Я чинил его “Синюю птицу”, которая накануне сломала себе шею.

– Что же вы все‐таки пытаетесь мне сказать, дядя? Вы советуете мне “сохранить здравый смысл” или “сохранить смысл жизни”?

Он опустил голову:

– Хорошо, молчу. Я не могу давать тебе советы. Я любил только одну женщину в своей жизни, и так как ничего не получилось…

– Почему не получилось? Она вас не любила?

– Не получилось, потому что я ее так и не встретил. Я хорошо ее себе представлял, представлял каждый день в течение тридцати лет, но она не появилась. Воображение иногда может сыграть с нами свинскую шутку. Это касается женщин, идей и стран. Ты любишь идею, она кажется тебе самой прекрасной из всех, а потом, когда она материализуется, она оказывается совсем на себя не похожа или даже прямо‐таки полным дерьмом. Или ты так любишь свою страну, что в конце концов не перестаешь ее выносить, потому что она не может быть настолько хороша…

Он засмеялся.

– И тогда ты делаешь из своей жизни, своих идей и своей мечты… воздушных змеев.

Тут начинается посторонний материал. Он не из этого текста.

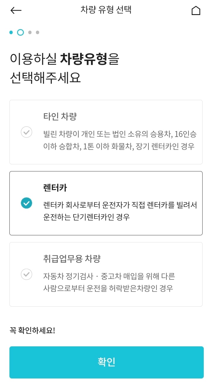 먼저 이용할 차량의 유형을 선택해주시면 됩니다.

Нам оставалось всего несколько дней, и на прощание мы ходили смотреть на лес, пруды и старые тропинки, которые больше не увидим вместе. Конец лета был мягким, как будто из нежности по отношению к нам. Казалось, самому солнцу жаль покидать нас.

– Я бы так хотела что‐то сделать из своей жизни, – говорила мне Лила, как если бы меня не было рядом.

– Это только потому, что ты недостаточно меня любишь.

– В том‐то и дело, что я люблю тебя, Людо. Но именно это и ужасно. Ужасно потому, что мне этого мало, потому что я еще продолжаю “мечтать о себе”. Мне всего восемнадцать лет, а я уже не умею любить. Иначе я бы не думала постоянно о том, что сделать со своей жизнью, я бы полностью забыла себя. Я бы даже не мечтала о счастье. Если бы я действительно умела любить, меня бы не было, был бы только ты. Настоящая любовь – это когда для тебя существует только любимый. И вот…

Ее лицо приняло трагическое выражение.

– Мне всего восемнадцать лет, а я уже не люблю! – воскликнула она и разразилась рыданиями.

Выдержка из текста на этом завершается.